Netgate Discussion Forum
    • Categories
    • Recent
    • Tags
    • Popular
    • Users
    • Search
    • Register
    • Login

    What does TCP:SEW means?

    Scheduled Pinned Locked Moved General pfSense Questions
    5 Posts 3 Posters 74.0k Views
    Loading More Posts
    • Oldest to Newest
    • Newest to Oldest
    • Most Votes
    Reply
    • Reply as topic
    Log in to reply
    This topic has been deleted. Only users with topic management privileges can see it.
    • M
      moh10ly
      last edited by

      I'm receiving many TCP:SEW on a specific port which is related to Microsoft Lync federation.

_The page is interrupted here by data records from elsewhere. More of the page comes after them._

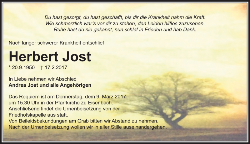 Hier finden Sie alle Traueranzeigen aus der Zeitung, die bisher für Herbert Jost erschienen sind. Weitere Traueranzeigen, die in der Zeitung erscheinen, werden hier ebenfalls aufgelistet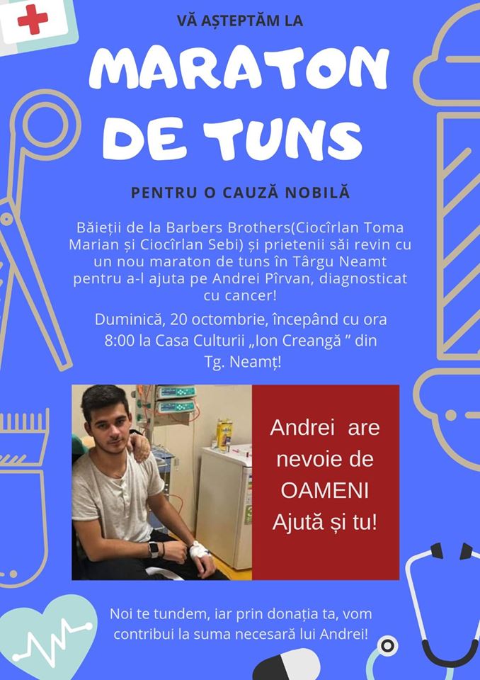 De asemenea, duminică, 20 octombrie, la ora 08:00, în incinta Casei de Cultură din Târgu Neamț, alți oameni buni, băieții de la Barbers Brothers, își vor face meseria de frizer, iar dumneavoastră puteți dona pentru tânărul Andrei.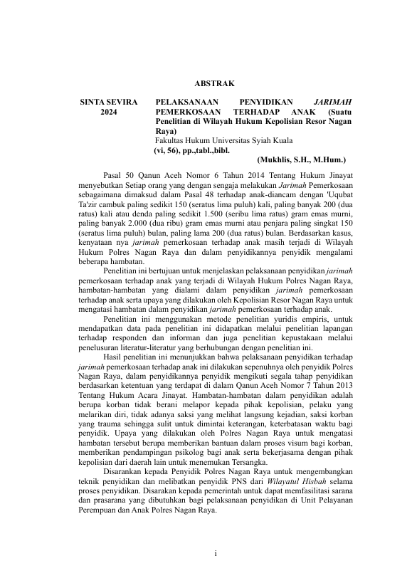 Baca Juga : PENYIDIKAN JARIMAH PERCOBAAN PEMERKOSAAN (SUATU PENELITIAN DI WILAYAH HUKUM KEPOLISIAN RESOR BANDA ACEH) (FARA FAIZAH AURELIA, 2026)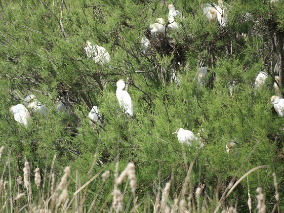 und Kuhreiherkolonie, die Vögel können dort im Frühling aus nächster

I'm continuing to lose federated partners on Lync and not sure if this SEW has anything to translate and look at? or look for.

      anyone?  ???

      Power is Knowledge.

      1 Reply Last reply Reply Quote 0
      • jimpJ
        jimp Rebel Alliance Developer Netgate
        last edited by

        S would be SYN, meaning it's starting a new connection.
        E is ECE "indicate that the TCP peer is ECN capable during 3-way handshake"
        W is CWR "Congestion Window Reduced (CWR) flag is set by the sending host to indicate that it received a TCP segment with the ECE flag set"

        If you're seeing a SYN blocked it's usually because it's not matching a firewall and/or NAT rule as you expect.

        Should that software be opening up a port with UPnP? Or some other way?

        Remember: Upvote with the 👍 button for any user/post you find to be helpful, informative, or deserving of recognition!

        Need help fast? Netgate Global Support!

        Do not Chat/PM for help!

        1 Reply Last reply Reply Quote 0
        • M
          moh10ly
          last edited by

          The traffic is allowed, it doesn't block it and that's what makes it even more odd! The thing is I would like to know if seeing such traffic flagged with the SEW is normal or indicates there's a problem ?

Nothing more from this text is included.